Non perché la linea melodica sia dissonante, ma perché l'orchestra non accoglie il
canto: è un paesaggio di alberi contorti che viene osservato, minaccioso, al di là di
una finestra che è metafora della paura di sapere. Non conosco momenti in cui la
musica sia così nemica dell'uomo. Il panteismo del finale avvolge Mahler come un
abbraccio. La tempesta si arresta. Sembrerebbe un commiato di pace. Invece, il
Glockenspiel e l'arpa alludono a mondi lontanissimi di cui non abbiamo la chiave,
mentre i violini enunciano una ninna nanna che non è più il ricordo, ma il cullare una
creatura che non ci appartiene, perché abita mondi irraggiungibili. L'orchestra
classica non ha mai, come qui, trasceso i limiti del suo dire. Sembra di stare in un
pianeta dove non arriva la luce del ricordo; non perché è troppo lontano, ma perché
non l'abbiamo mai visto. La sezione finale del Lied è una regressione a stati
precedenti la vita. Un sogno di creature che si dissolvono appena le guardiamo. La
memoria del vivente, qui, è anatema. La creatura amata rifluisce al raggio di luce che
lo ha portato sulla terra. Quando i corni, mentre la voce, infine, tace, annunciano
l'alba del nuovo giorno, i violoncelli trasmutano il dolore del sopravvissuto in un
canto che viene assorbito dai legni quasi fosse una nuvola al crepuscolo.

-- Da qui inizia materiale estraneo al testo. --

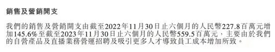雖是玩笑話,但是從財報數(shù)據(jù)上來看,顯然利潤率不升反降。實際上,2023財年下半年(2022年12月-2023年5月),東方甄選為了挖掘新流量已經(jīng)加大了銷售及營銷開支,下半年相較于2023財年上半年環(huán)比增長70%,已經(jīng)導(dǎo)致下半年凈利潤環(huán)比下降32.8%至3.9億元。

Mahler nega
l'idea che la personalità sia volontà di esistere; essa, piuttosto, è una stilla di eterno
subito riassorbita. La morte è un rituale di passaggio, e la musica la rende sensazione,
piuttosto che idea metafisica. I Kindertotenlieder sono la parola suprema di Mahler;
la sua ulteriore produzione sinfonica, fatta eccezione per la Nona, è un'ascesi
muscolare verso ciò che, qui, il cielo gli dettò sotto forma di illuminazione. Lo
spegnersi degli ultimi accordi assorbe il tempo in una nuvola della memoria. Siamo
nei pressi di Lontano di György Ligeti.